Hello all,
some time ago, we switched to Linux and installed the Linux AX.25
subsystem, the AX.25 utilities and the FBB BBS.
It seemed to run smoothly after the usual configuration trouble. But
now, we encountered some problems that seemed to occur more
and more often.
The first is one already mentioned in our mailinglists. It is the
appearance of error messages like
socket error: write on socket: broken pipe
when using FBB with the kernel based AX.25. This seems to be
associated with another mechanism that sometimes causes
trouble. The BBS writes its data to the kernel AX.25 socket and
fills its buffers. After all data is written, FBB seems to start the
timeout countdown for the certain user. But, on bad or slow links
like 1200bps, it may take some time until all data could be really
sent out to the user.
This way, it happens that FBB times out without the machine really
having sent all the data to the user!
The effect can be seen as a sudden disconnect (DISC+) without
any visible reason for the user. It almost never occurs when the
downlink is of good quality, i.e. all packets are being sent out
without errors or retries.
But if there are bad conditions, and the BBS machine has to
resend some frames, it is very likely that the user is being
disconnected suddenly without having the chance to finish his
download.
Please note that this theory is only an attempt to explain that weird
behavour. Using the call programm included in the AX.25 utilities
we never experienced such problems no matter how bad the link
was. This leads to the conclusion that the "handshaking" between
FBB and the AX.25 subsystem may be not optimal.
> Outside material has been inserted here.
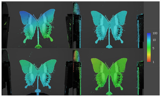 Based on the achieved results (Table 9 and Figure 20), we would like to emphasize that using discrete spectral lighting (white, red, green, and blue) enabled more precise spectral data collection, allowing for enhanced capture of fine surface details and subtle variations that standard RGB imaging may not fully capture. RGB cameras rely on the Bayer filter, which averages the response across broader spectral bands, potentially losing critical information in areas where reflectivity or surface characteristics vary in specific wavelengths. By employing individual colored light sources, our methodology provided additional spectral information, capturing more precise variations in reflectivity across the spectrum. This enhanced the depth and quality of the 3D model, particularly for objects with complex material compositions or iridescent surfaces, such as the butterfly model used in our experiments. Using illumination with discrete white, red, green, and blue (WRGB) light over traditional RGB imaging offered several advantages:

By the way: The same effect can be experienced when using the
FBB BBS together with the G8BPQ Packet Switch under DOS.
Sometimes users get timeouts too if they are downloading a lot of
data over a bad link there.
Yesterday, things were getting even worse. Sometimes users were
disconnected very short after logging in. Then, suddenly, at one
port no more connects were possible. The BBS actually did not
answer.
Trying another port, the user got the usual message prompting for
the login. Immediately after displaying this message a disconnect
followed, however. There was no chance to login.
To test the other services on the machine we tried to connect to
our node (AWZnode). The node came up as usual but showed no
reaction to any input.
What we found out were some strange things on the Linux
machine. The first thing was that the system's clock did not have
the correct time and date. Obviously, there was something wrong
with the clock. The machine today had a system date of April 8th.
Could it be that running Linux over a couple of weeks without
restarting has influences on the system's clock?
The second thing was more interesting: The mheard data file
/var/ax25/mheard/mheard.bin had grown up to 56 MBytes!
After deleting this file AWZnode resumed working.
Question here: How can this be avoided? Is there a way to
configure mheardd to set a maximum size for its data file?
At the moment, we have set up a crontab entry so that the file now
is deleted once in a month. Is this really the way to go or are there
more options?
In the hope that someone has got the one or the other hint for
solving these problems,
Best regards, 73
Gerd